(Data extracted from a collection)
[Start of Attachment]

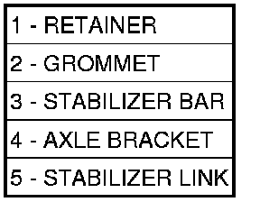 3. Remove the retainers (1) and grommets (2) from the stabilizer bar links (5).
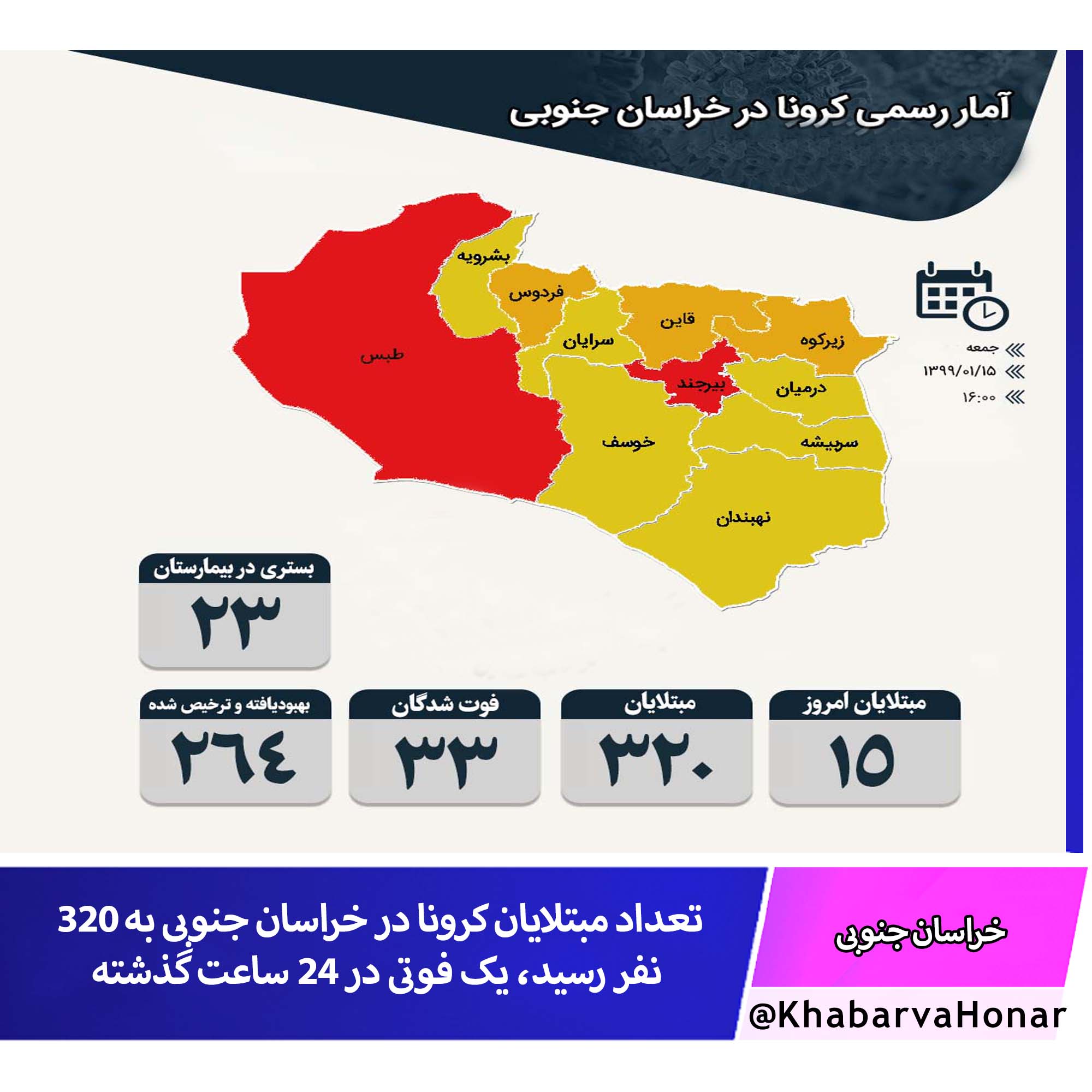 ✳️دکتر مهدی زاده معاون بهداشتی دانشگاه علوم پزشکی بیرجنددر گفتگو با رادیو خراسان جنوبی گفت: ۱۵مورد جدید مبتلا به ویروس کرونا در ۲۴ ساعت گذشته در استان شناسایی شد، که بدین ترتیب آمار کل مبتلایان استان به ۳۲۰نفر افزایش یافت.
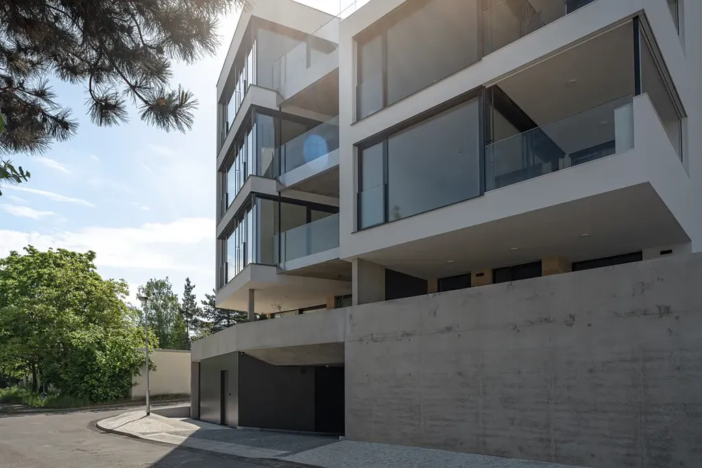 Novostavba se nachází v krásné klidné vilové čtvrti v Praze 4 - Zelený pruh, v dochozí vzdálenosti od lesoparku Dobeška. V domě se nachází pouhých 6 bytových jednotek.
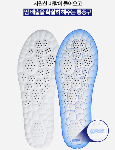 - 특징: 통기성, 충격흡수, 발바닥 압력 분산
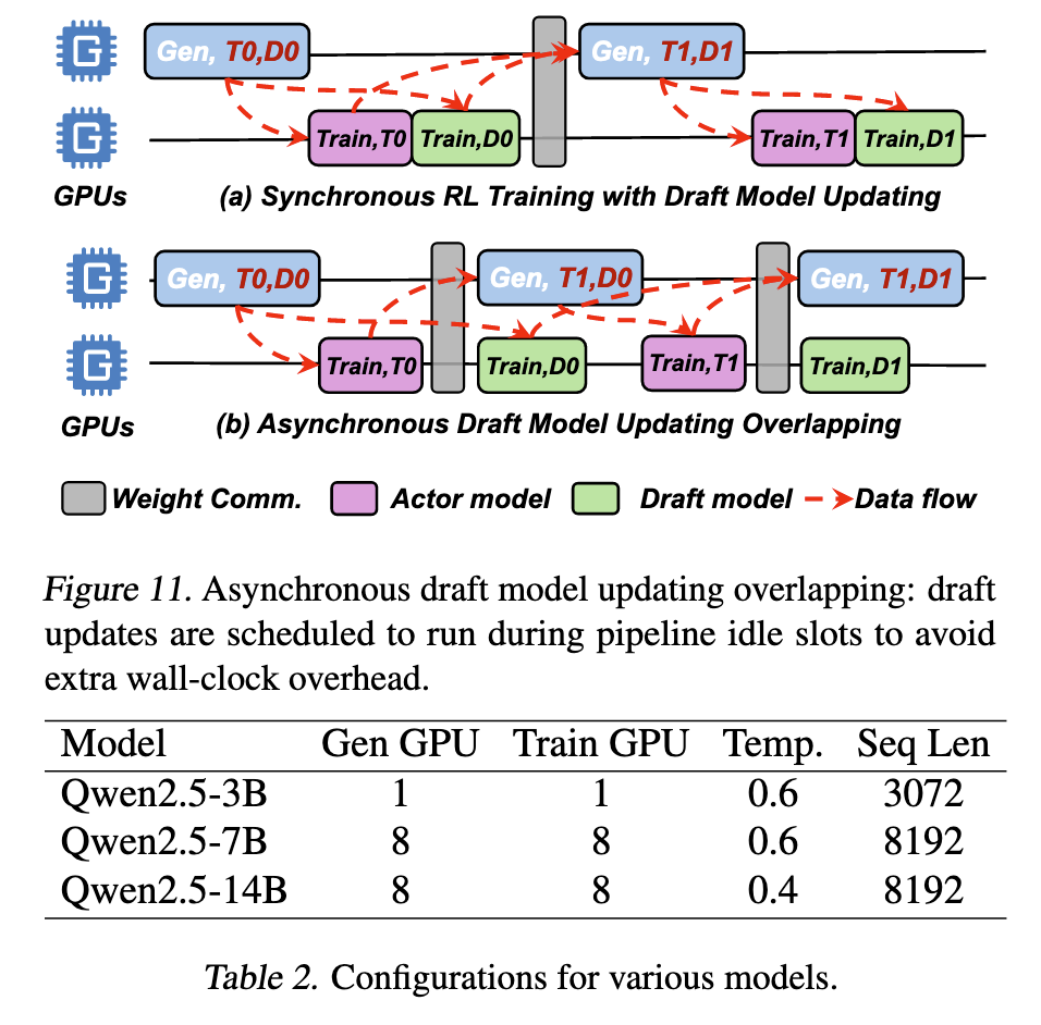 异步更新重叠机制通过利用RL流水线中的空闲时隙,将drafter模型更新与目标rollout并行运行,确保更新产生可忽略的额外wall-clock延迟。这种设计平衡了系统效率和算法新鲜度:避免阻塞同步同时仍提供足够频繁的更新,使drafter模型能够持续跟踪目标的演进分布而不减慢整体训练速度。

[End of Attachment]

§ WORK REQUEST
If a line comes after the line with "۳۲۰نفر افزایش یافت.", it stays out; print exactly every line from the start of the entries up to and including that line, but no pictures.

§ RESPONSE AREA
 3. Remove the retainers (1) and grommets (2) from the stabilizer bar links (5).
 ✳️دکتر مهدی زاده معاون بهداشتی دانشگاه علوم پزشکی بیرجنددر گفتگو با رادیو خراسان جنوبی گفت: ۱۵مورد جدید مبتلا به ویروس کرونا در ۲۴ ساعت گذشته در استان شناسایی شد، که بدین ترتیب آمار کل مبتلایان استان به ۳۲۰نفر افزایش یافت.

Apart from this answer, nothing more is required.